| EXERCISE DATA |
+++

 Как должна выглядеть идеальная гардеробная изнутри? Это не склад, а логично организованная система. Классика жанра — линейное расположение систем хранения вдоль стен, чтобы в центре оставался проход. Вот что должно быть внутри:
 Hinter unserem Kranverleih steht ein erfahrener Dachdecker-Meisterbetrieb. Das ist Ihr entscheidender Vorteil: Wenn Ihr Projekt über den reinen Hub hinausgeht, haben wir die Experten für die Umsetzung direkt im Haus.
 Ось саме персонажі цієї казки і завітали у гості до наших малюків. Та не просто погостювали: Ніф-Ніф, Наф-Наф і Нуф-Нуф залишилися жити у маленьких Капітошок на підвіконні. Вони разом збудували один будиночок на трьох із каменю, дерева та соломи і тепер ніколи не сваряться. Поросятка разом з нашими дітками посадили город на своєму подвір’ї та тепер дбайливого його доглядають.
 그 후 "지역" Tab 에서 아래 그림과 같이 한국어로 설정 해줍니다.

+++

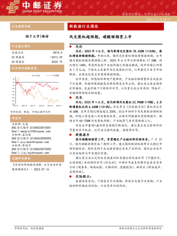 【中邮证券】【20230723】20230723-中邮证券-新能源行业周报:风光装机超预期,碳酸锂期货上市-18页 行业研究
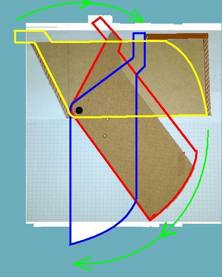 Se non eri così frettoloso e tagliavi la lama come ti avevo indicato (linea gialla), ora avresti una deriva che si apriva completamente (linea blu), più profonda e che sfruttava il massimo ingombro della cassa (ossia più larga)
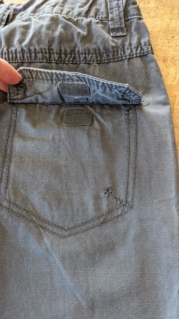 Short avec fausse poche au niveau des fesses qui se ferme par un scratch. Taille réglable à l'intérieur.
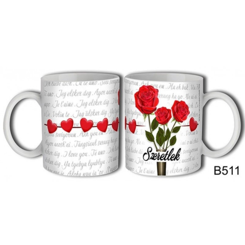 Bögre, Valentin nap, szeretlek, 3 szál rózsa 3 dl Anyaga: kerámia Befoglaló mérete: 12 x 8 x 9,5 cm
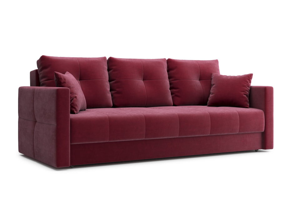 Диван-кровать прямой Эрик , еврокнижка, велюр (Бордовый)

+++

| TASK DIRECTIONS |
As listed above, the lines from the line with "Как должна выглядеть" to the line with "Hinter unserem Kranverleih" are to be echoed exactly, with both ends included and nothing added.

| ANSWER TO THE PROBLEM |
 Как должна выглядеть идеальная гардеробная изнутри? Это не склад, а логично организованная система. Классика жанра — линейное расположение систем хранения вдоль стен, чтобы в центре оставался проход. Вот что должно быть внутри:
 Hinter unserem Kranverleih steht ein erfahrener Dachdecker-Meisterbetrieb. Das ist Ihr entscheidender Vorteil: Wenn Ihr Projekt über den reinen Hub hinausgeht, haben wir die Experten für die Umsetzung direkt im Haus.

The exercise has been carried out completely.